Preliminaries (Log Structured File System) #

  • Log structured file systems write changes to files as log records rather than writing the file as-is.
  • Changes to multiple files can be buffered in a contiguous log segment data structure and written out sequentially to the disk.
  • The log segment can be striped across multiple disks using RAID technology.
  • The log structured file system solves the small write problem by writing changes to multiple files in one log segment rather than writing small files across multiple disks.
  • Latency may be associated with reading a file for the first time from the disk in a log structured file system.
  • Logs must be cleaned periodically to remove old writes to parts of a file that are no longer relevant.

Preliminaries Software (RAID) #

  • Software RAID is a solution to the problems of hardware RAID, which can be expensive and have difficulty handling small writes.
  • The Zebra file system is an example of software RAID that combines log-structured file systems and RAID technology.
  • The file system uses commodity hardware, such as nodes connected to disks in a local area network, to stripe log segments across multiple nodes.
  • Log segments representing changes made to multiple files on a client node are striped across different nodes.
  • The process of striping log segments in software RAID is similar to hardware RAID, with the software performing the striping on multiple nodes in a local area network.

Putting Them All Together Plus More #

  • xFS is a distributed file system built at UC Berkeley.
  • It builds on prior technologies, including log-based striping from the Zebra file system and co-operative caching.
  • xFS aims to be truly scalable and move towards serverlessness, meaning no reliance on a central server.
  • It introduces new techniques such as dynamic management of data and metadata, subsetting of the storage servers.
  • Further details on these techniques will be discussed in the rest of the lecture.

Dynamic Management #

  • In a traditional centralized NFS server, data blocks reside on disks while metadata and file cache are stored in the memory of the server.
  • The server keeps a client caching directory to track who is accessing its files.
  • However, this centralized structure can result in hot spots and scalability issues.
  • In xFS, metadata management is dynamically distributed and data structures like metadata, file cache, and caching information can be distributed among nodes.
  • This allows for dynamic management of data and metadata to avoid hot spots.
  • xFS also utilizes cooperative client caching to conserve memory and increase efficiency.

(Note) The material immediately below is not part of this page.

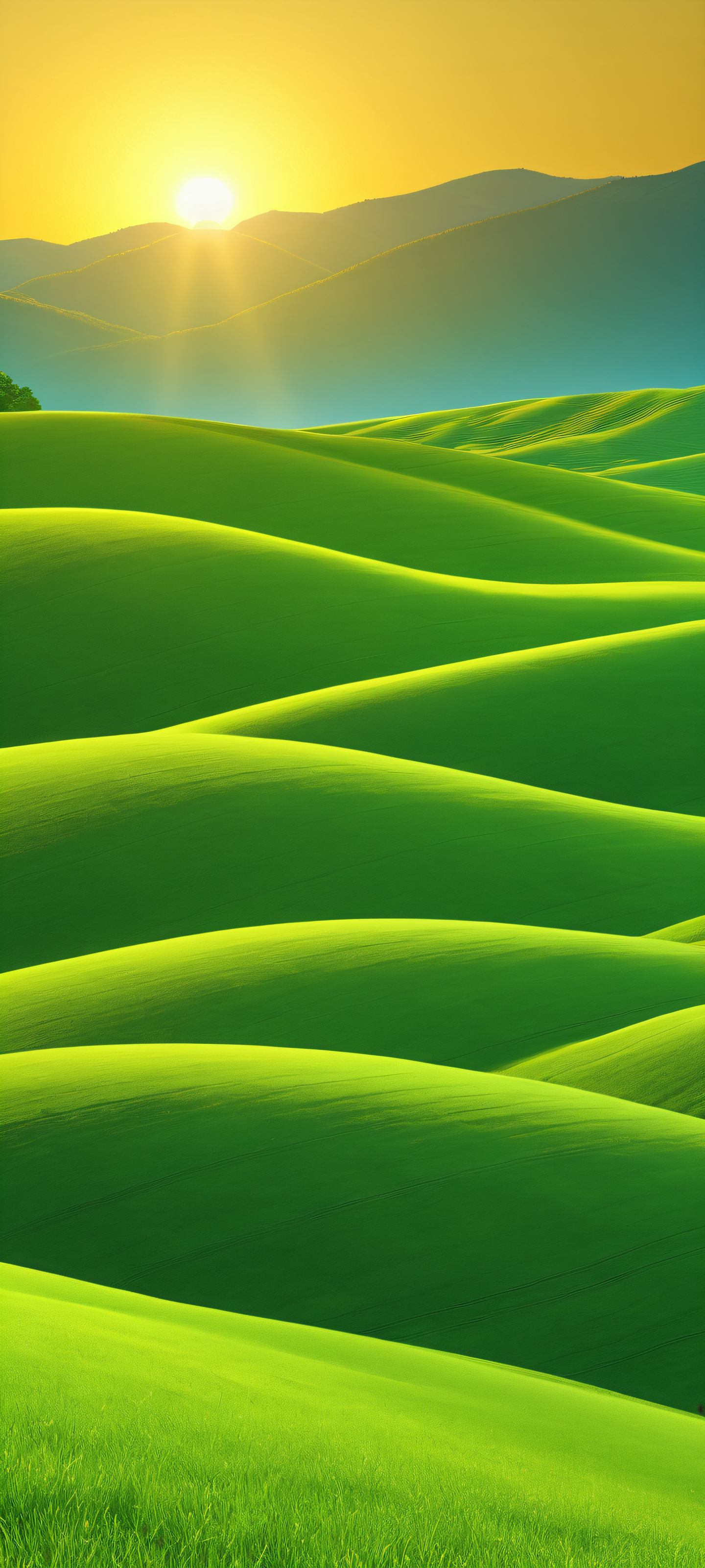 Elevate your mobile experience with this stunning vertical landscape, perfectly optimized for iPhone, Samsung Galaxy, and Android home screens. Witness the surreal beauty of a sunset over rolling hills, expertly crafted in crisp 2K QHD resolution, ensuring an unparalleled visual treat on any device.

Log Based Striping and Stripe Groups #

  • xFS uses log based striping in software to avoid small write problems.
  • Clients write changes made to files to an append only log, which is a data structure residing in the memory of the client.
  • When the log segment fills up, it is written to disk and striped across storage servers.
  • Storage servers keep log segments written by different clients.
  • Stripe groups subset the storage servers and assign different groups for different log segments.
  • This allows parallel client activities and increases availability and throughput.
  • Efficient log cleaning is facilitated by stripe groups and allows for parallelism in management of the system.
  • Subsetting the server group for striping increases availability and allows for incremental satisfaction of the user community in spite of failures.

Cooperative Caching #

  • xFS uses available memory in clients to cooperatively cache files and reduce stress on data file management.
  • Unlike traditional Unix file systems, xFS worries about cache coherence and maintains it at the file block level.
  • If a file is being read-shared by multiple clients, a write request results in a conflict, and the manager sends an invalidation message to the clients, revokes the token given to the requesting client, and distributes the file to a future requester.
  • Using the fact that copies of the file exist in multiple clients, xFS exploits this to do cooperative caching and retrieve file content from a client’s cache instead of going to the disk.

Log Cleaning #

  • As client activities progress, log segments evolve on the disk, and log cleaning is required to clean up the disk and get rid of unnecessary data.
  • Log cleaning involves finding the utilization status of old log segments, picking some log segments to clean, reading all the live blocks in the chosen log segments, and writing them into a new log segment before garbage collecting the old segments.
  • xFS makes clients responsible for log cleaning and stripe groups responsible for cleaning activities in their set of servers.
  • The leader of each stripe group assigns cleaning services to the members of the group, and conflicts between client updates and cleaner functions are resolved by the manager.

Unix File System #

https://cs.ericy.me/cs6200/p3l5-io-management/index.html#ext2-second-extended-filesystem

xFS Data Structures #

  • Metadata management in a distributed file system is not static.
  • Every client node has a replicated data structure called manager map that tells who the metadata manager is for a particular file name.
  • The manager node uses a file directory data structure to map the file name to an i-number and an i-map data structure to get the i-node address for that file.
  • The stripe group map tells how the file is striped and which storage server contains the log segment ID associated with that file.
  • The manager has to go through multiple data structures to go from the file name to the data blocks associated with that file, but caching helps reduce the long path for file access.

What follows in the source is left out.